As of right now it looks like Boston’s real estate market is only getting more competitive in the near term: Zillow predicts the Boston housing market will rise 6.9% in the next year.

Weathering the storm of homebuying costs in the short term

There’s often a span of a few years where the costs associated with having bought exceed those of renting, but typically there’s a threshold of time beyond which it becomes advantageous to have bought.

This threshold varies depending on the city in which you reside. San Francisco is the most extreme example of a city that’s decidedly not conducive to home buying right now.
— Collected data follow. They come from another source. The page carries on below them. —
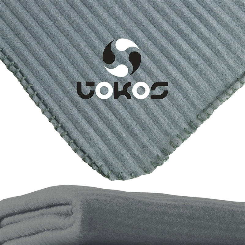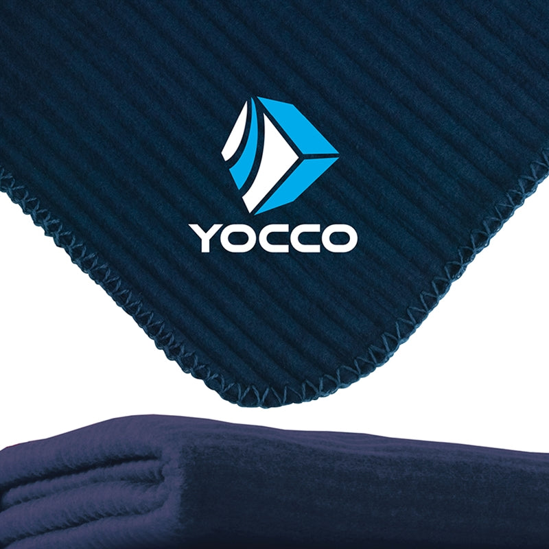 50" x 60" anti-pilling fleece blanket with whipstitch edging, 100% polyester.
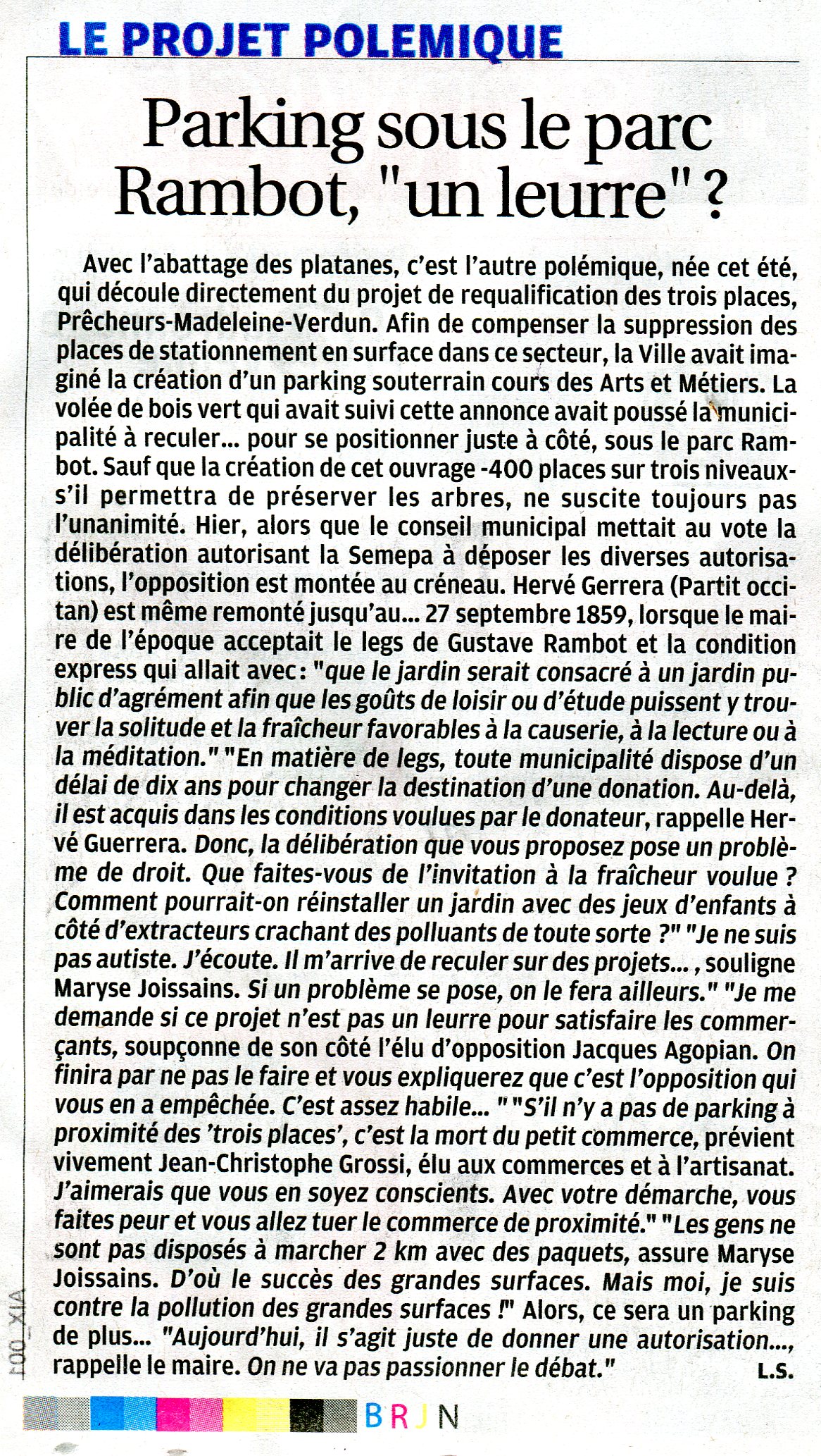 Vous êtes ici :Accueil9Actualités9« Le projet polémique » article de la Provence du samedi 24 septembre 2016, le parking sous le parc Rambot
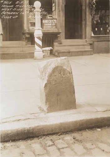 Until the urbanization of the bulk of Manhattan Island in the late 19th century, milestones were often the only directionals a horseman or stagecoach driver had as they journeyed up or down one of Manhattan’s few north-south roads.
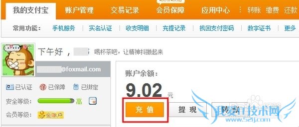 1、登录支付宝账户,点击【充值】;
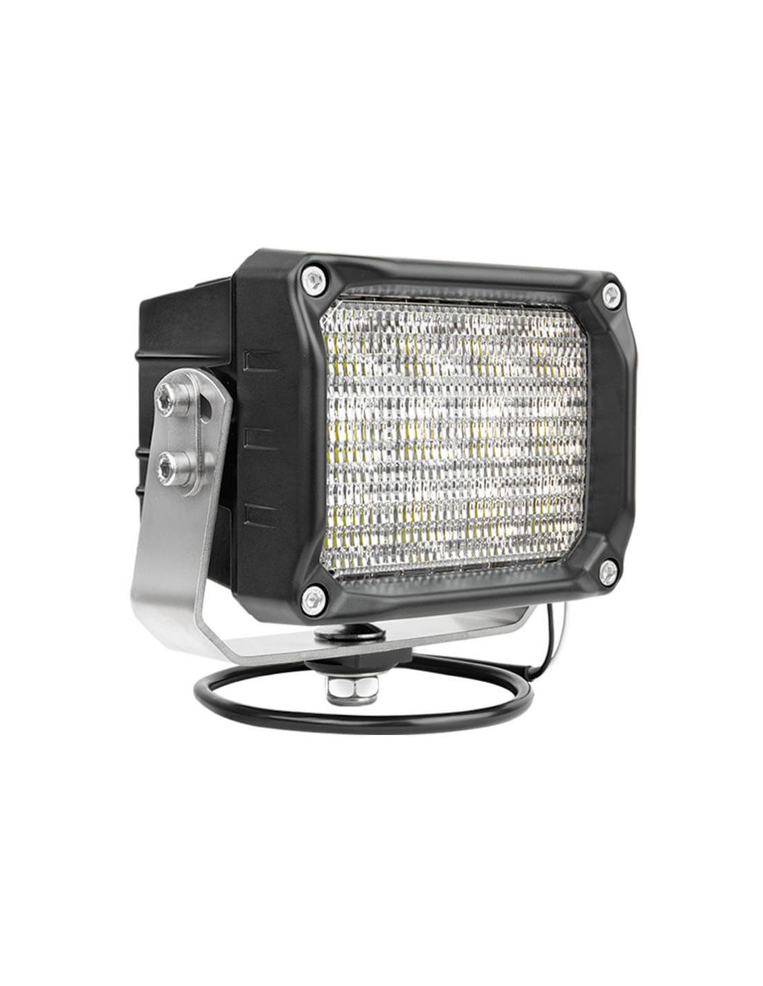 Faro de trabajo LED profesional 100W con 10.000 lúmenes y óptica 60°. Rectangular, 12V-24V, soporte acero inoxidable reforzado, cable 0,5 m. Totalmente estanco, sumergible y preparado para maquinaria pesada.
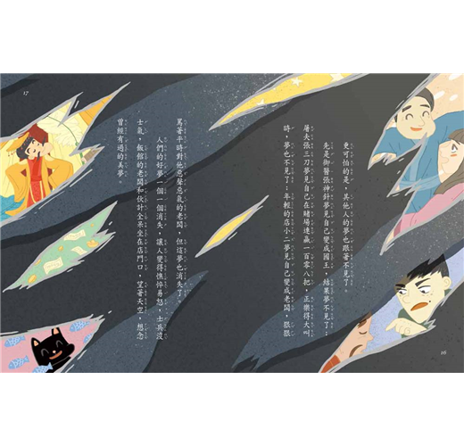 快樂公主是個愛笑的人。天上的雲飄過,她笑了;地上的花綻開,她笑了;身旁走過一個農夫,她也笑了,她說農夫身上的泥土氣味好香。然而某一個清晨,公主的笑容卻不見了,因為她的美夢不見了!從那天開始,公主的美夢一個個憑空消失,就像被人偷走一樣。不僅如此,其他人的夢也接二連三的跟著不見了。國王派人駐守在大街小巷,決心把這個偷夢賊繩之以法……
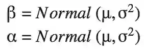 其中 β 确定概率函数的形状,α 是偏移项,控制函数从左向右移动。由于这两个参数都既可以是正的或负的,也没有特定的边界或大小的偏差,我们可以将它们建模为高斯分布随机变量:
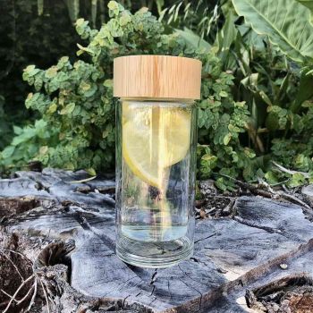 Double Walled Bamboo Glass Bottle - 300 ml
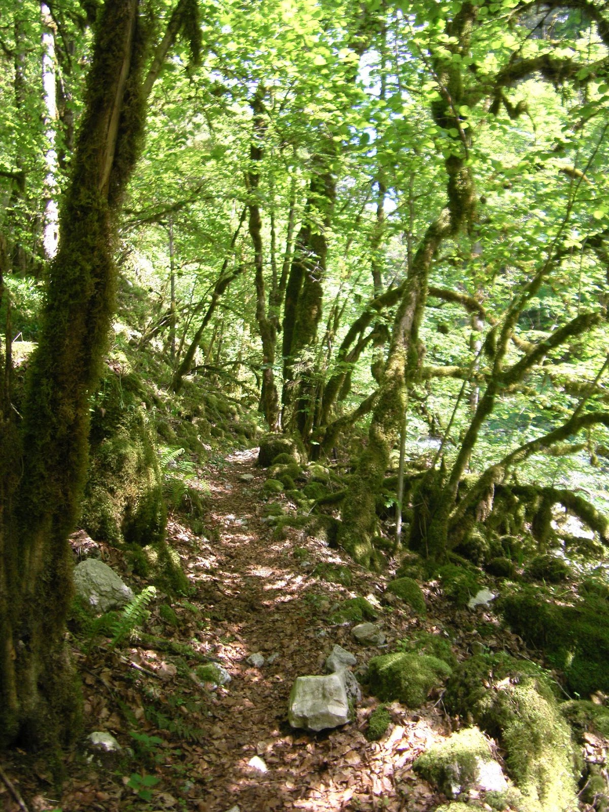 Eine halbe Stunde weiter teilt sich der Weg unvermittelt -- der "große" Wanderweg biegt plötzlich in Richtung bergauf ab. Ein Schild löst meine Irritation, es gibt eine neue Wegführung wegen Sicherheit und so. Laut drauf gelacht, ich nehme natürlich die alte Route unten am Fluß. Ich wäre schön blöd, jetzt 400 Höhenmeter auszusteigen, nur um dieselben 400 Höhenmeter ungefähr 10 Flußbiegungen weiter wieder abzusteigen. Und meine Eigensinnigkeit wird belohnt: Man merkt dem Weg an, daß er nicht mehr begangen wird. Überall erobert sich der Wald und das Unterholz seinen Platz zurück. die Brennnesseln drücken den ohnehin schmalen Pfad weiter zusammen und peitschen den Wanderer, umgestürzte Bäume bleiben einfach auf dem Weg liegen. Das ist natürlich das Paradies für mich...
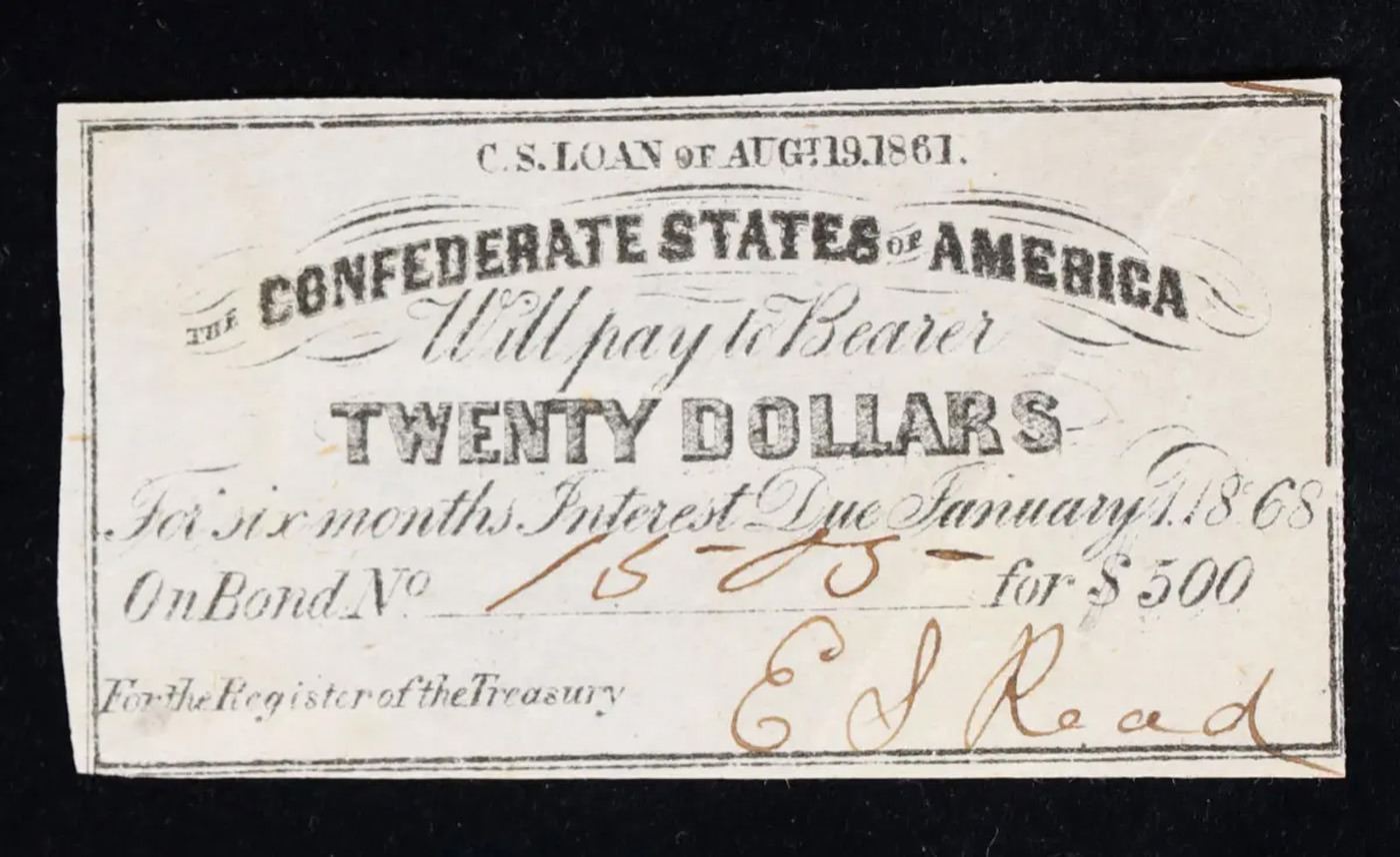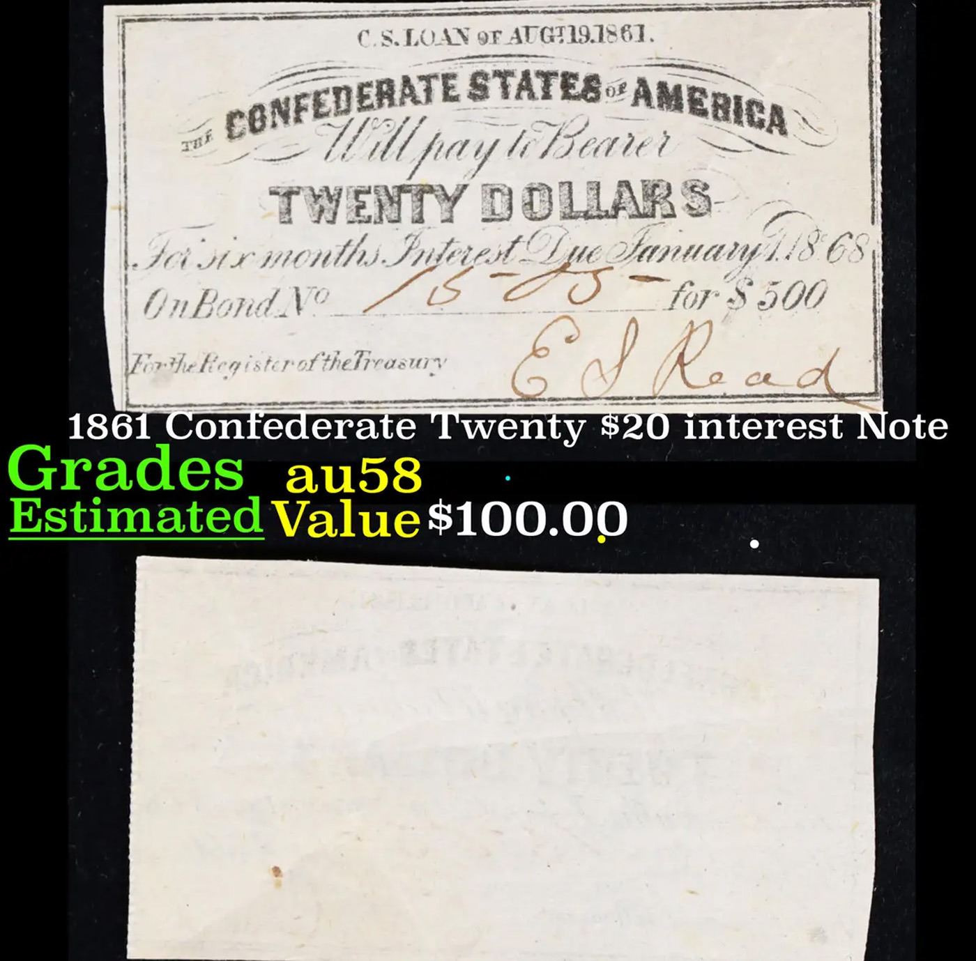 1861 Confederate Twenty $20 interest Note Grades Choice AU/BU Slider.
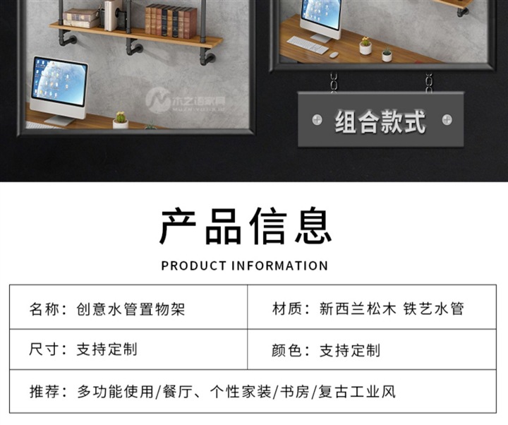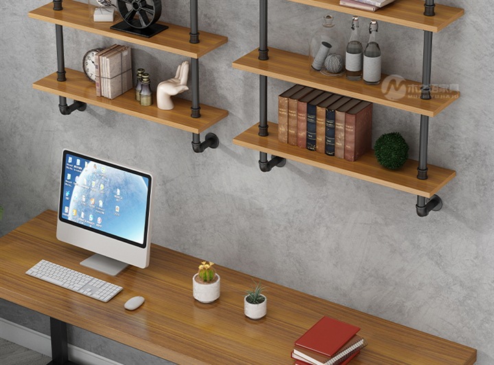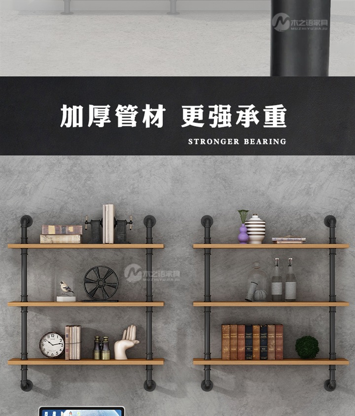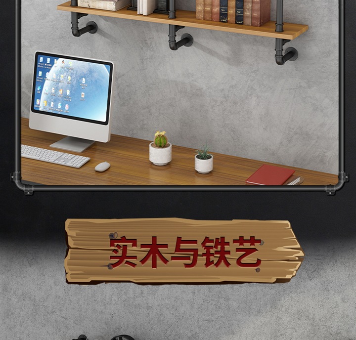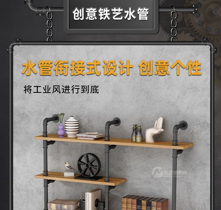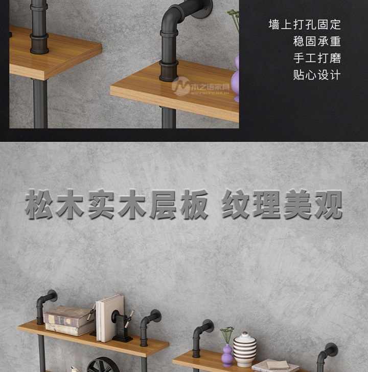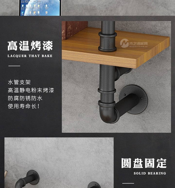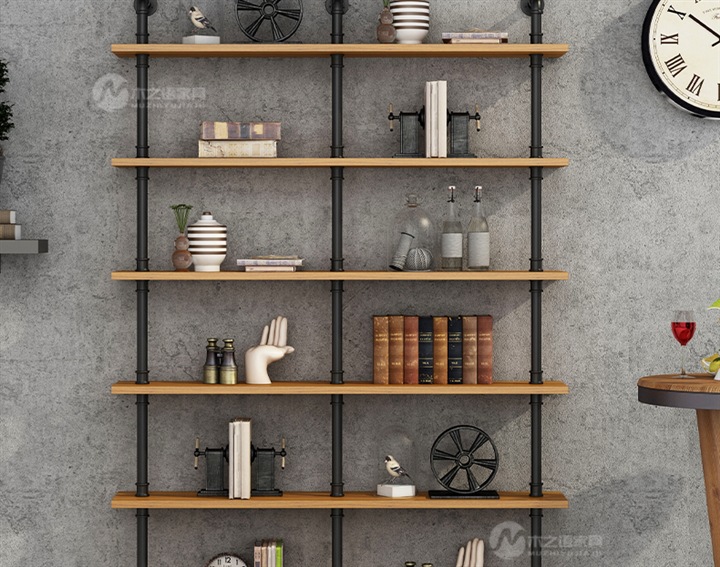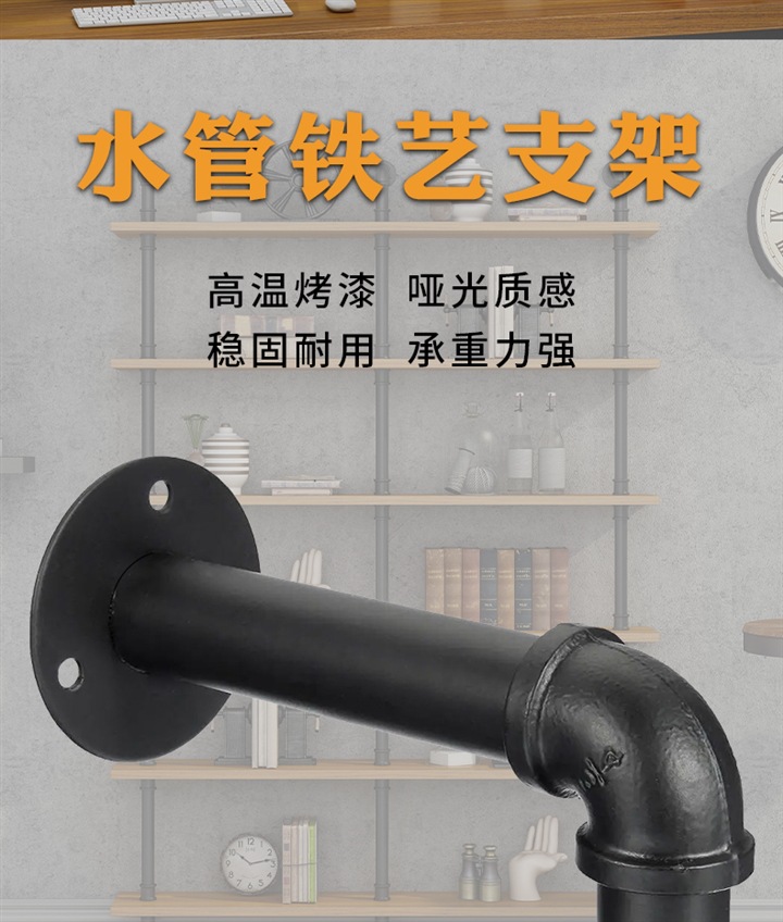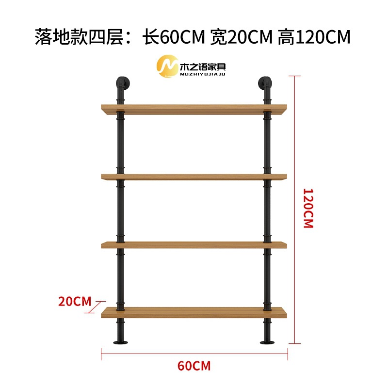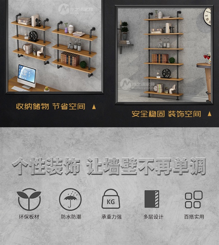 단철 물 파이프 책장 단단한 나무 벽 저장 랙 산업 스타일 한 단어 파티션 벽 매달려 와인 랙 바닥 벽 꽃 랙
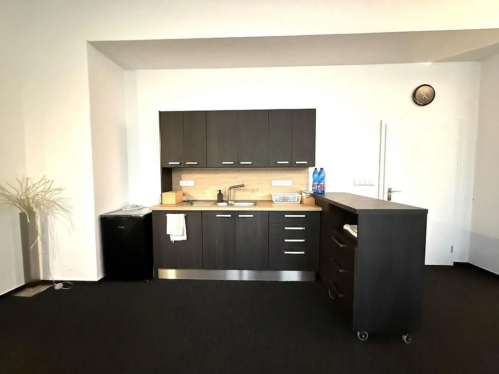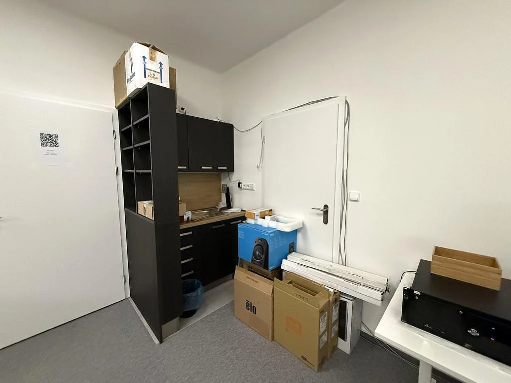 Nabízený nebytový prostor se nachází v kamerově hlídané budově za bránou. Kancelář má celkovou výměru cca 38 m² a nachází se v přízemí. Prostor je příjemně prosvětlený díky dvěma oknům, která vytvářejí vzdušnou a komfortní pracovní atmosféru. Kancelář je nově vybavena malou kuchyňskou linkou s dostatečným úložným prostorem a dřezem. Na chodbě jsou společné prostory jako je WC nebo zasedací místnost, kterou si lze pronajmout za poplatek. Zasedací místnost je vybavena velkým stolem se židlemi, křesly, televizemi a dalším nábytkem včetně kuchyňské linky s dřezem a lednicí.
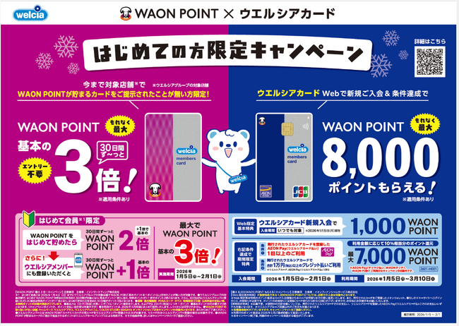 (1)【恒常特典:Web限定基本特典】Webよりウエルシアカード新規入会すると、1,000WAON POINT 進呈
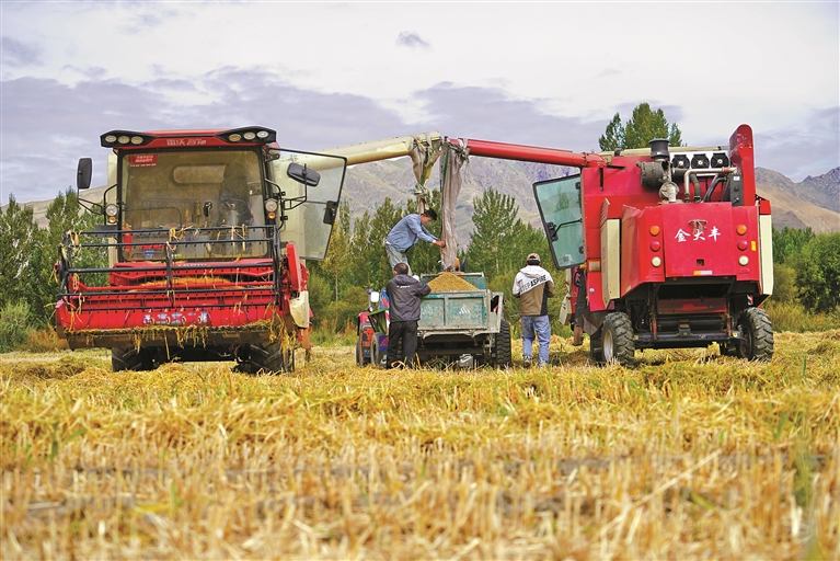 圖為乃東區(qū)群眾正在秋收(資料圖片)。

In other words, even with the exorbitant rent you’d have to pay living in The Golden City, it would still take an extremely long time for a home purchase to justify itself financially.

Fortunately, Boston isn’t as tough on homebuyers as San Francisco (though it’s by no means easy). Usually, after 3-5 years in your new home, you can start to experience the financial advantage of owning a house or condo over renting in Boston. The challenge, as in any expensive housing market, lies in being able to make a down payment you feel comfortable with – and, of course, covering the upfront costs associated with buying.

A reminder about upfront costs

“Earnest money” (money you pay the seller to show them you’re serious about buying) will eventually be factored into your down payment. However, not all upfront costs are like this. You need to factor space into your budget to account for other upfront costs like the inspection fee and the appraisal fee (both around $300-500).

Nerdwallet has a useful rent vs. buy calculator that allows you to compare whether it’s more affordable for you to rent or buy. And it factors in all those things that are easy to forget when it comes to buying a house...closing costs, insurance, interest payments, and other hidden costs like property taxes and home repairs.

Even if you’re not considering buying just yet, it can be fun to plug in different scenarios to get a better sense of Boston’s housing market.

“What’s COVID-19 got to do with it?”

COVID-19 is impacting our economy in ways that are worth paying attention to as you get ready to start to your next chapter in Boston.

CNN reports that mortgage rates have fallen to a record low for the eleventh time this year. Though Boston home values have increased by 3.2% since last year, the record-low mortgage rates could help make home buying worth your while – after all, you’ve already seen what a difference 1% can make when it comes to the interest rate in your mortgage agreement.

On the other hand, prospective tenants in the city of Boston have more negotiating power than they’ve had in a long time because of the pandemic. If you get the right deal on an apartment, you could enjoy big savings, at least for the duration of your next lease.

Other important rent vs buy considerations

While many of these factors lie beyond your control, you can turn to yourself to figure out others as you decide whether renting or buying in Boston is your best bet.

A question like whether you’re willing to take on maintenance problems (either by finding and paying a contractor or doing it yourself) can help to make the decision easier for you: home maintenance issues are typically something a renter never has to worry about, whereas all homeowners have to be ready to take them on.

Whatever your decision, happy shipping up to Boston!